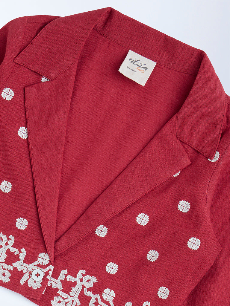 Utsa Kids presents this red jacket featuring Jamdani embroidery for a traditional yet stylish look. Designed with a notch lapel. a single-button closure and full sleeves. it blends comfort with elegance. Crafted from a soft cotton-blend fabric. this lightweight layer is perfect for festive outings and special occasions.
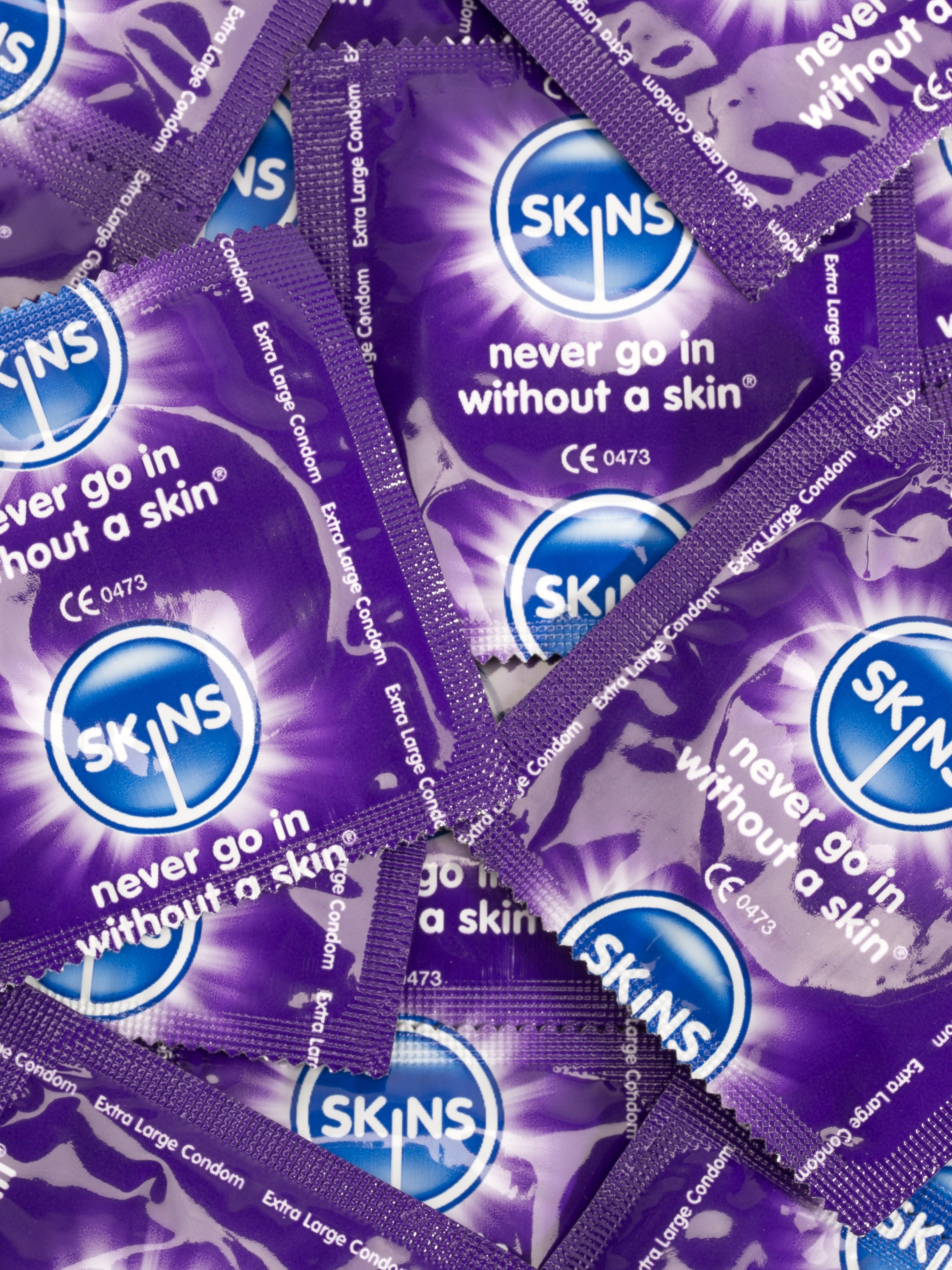 Make sure you never run out of the size that fits you best with this large pack of extra large condoms. Offering 100 of Skins' extra long and extra wide johnnies, this big bundle will keep you (and your partner) safe and comfortable again and again.
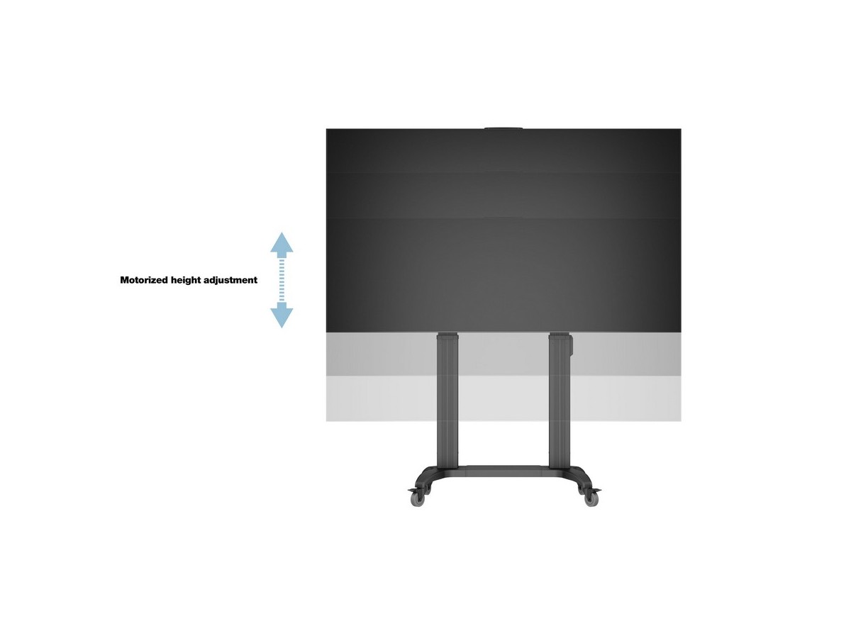 Product code:M Motorized Public Floorstand Dual Pillar 180 HD – Motorized floorstand for displays or touchscreens - aluminum - screen size: 65"-110" - max load: 135 kg - VESA: 200x200-1000x600 – 4x lockable castors - black
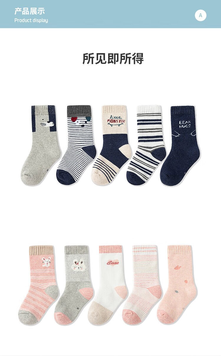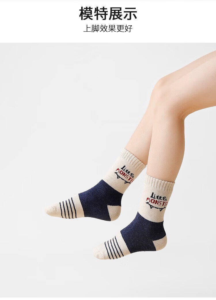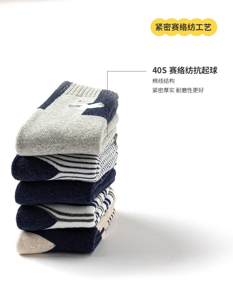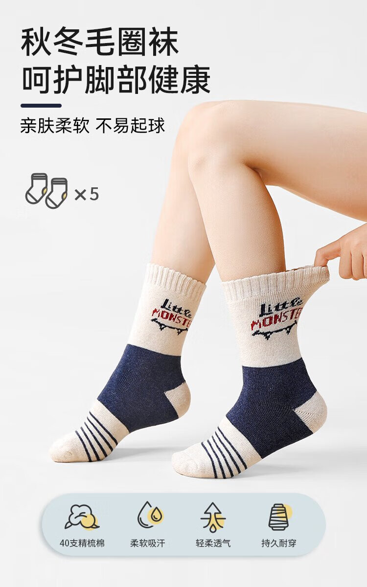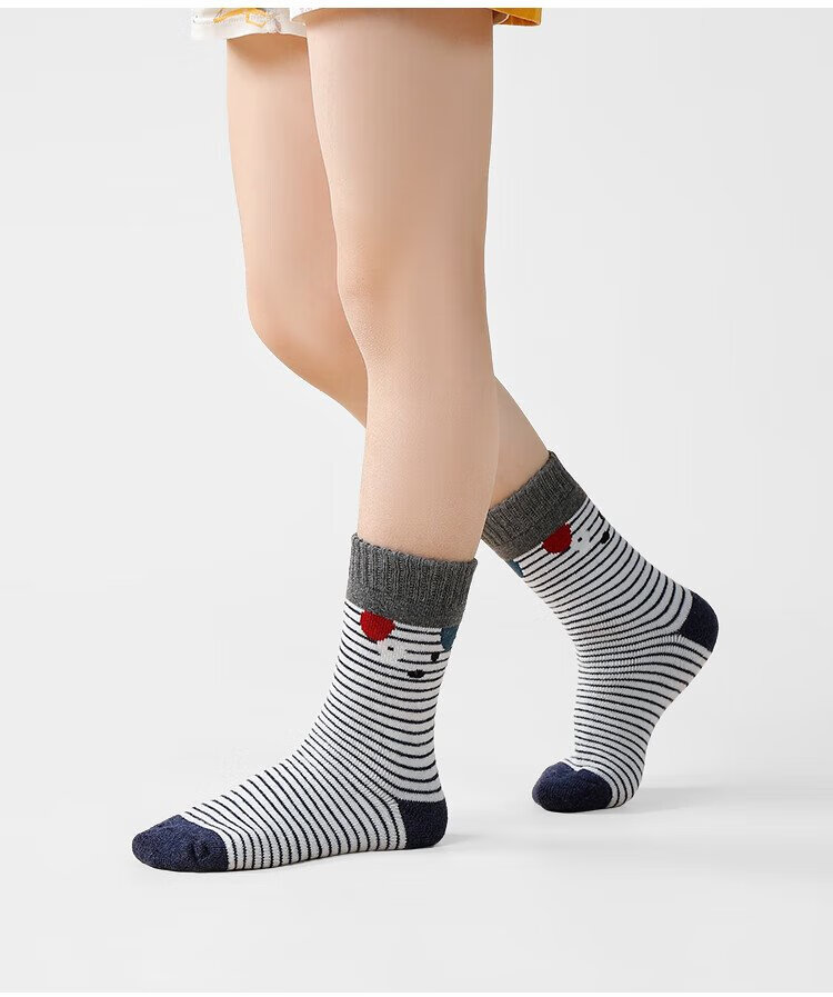 YEEHOO children's socks for boys and girls in autumn and winter thickened terry socks with stripes 5 pairs of mid-tube cotton socks student socks boys M
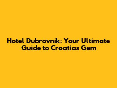 Hotel Dubrovnik: Your Ultimate Guide To Croatia's Gem
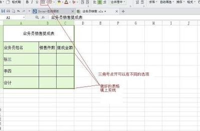 打开表格,在第一行输入自己表格的名头(例如业务销售提成表)
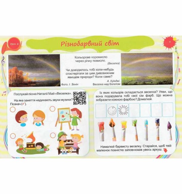 Альбом-посібник Мистецтво Барвограй 1 клас До підручника Рублі Т. НУШ. В альбомі-посібнику запропоновано репродуктивно-творчі та художньо-творчі завдання і вправи інтегрованого характеру для уроків мистецтва в 1 класі, розроблені відповідно до чинної програми МОН України з інтегрованого курсу Мистецтво для 1–4 класів та спрямовані на формування ключових і предметних компе-тентностей школярів.
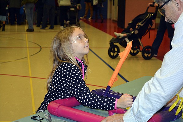 Students — and several parents who were equally intrigued — were able to position the compressor to the angle they wanted and pull the lever to shoot their rocket in the air.

:::

Quote the data above exactly from the line with "Hotel Dubrovnik: Your" to the line with "打开表格,在第一行输入自己表格的名头(例如业务销售提成表)", both ends counted, and nothing else. Pictures don't go in.

 Hotel Dubrovnik: Your Ultimate Guide To Croatia's Gem
 打开表格,在第一行输入自己表格的名头(例如业务销售提成表)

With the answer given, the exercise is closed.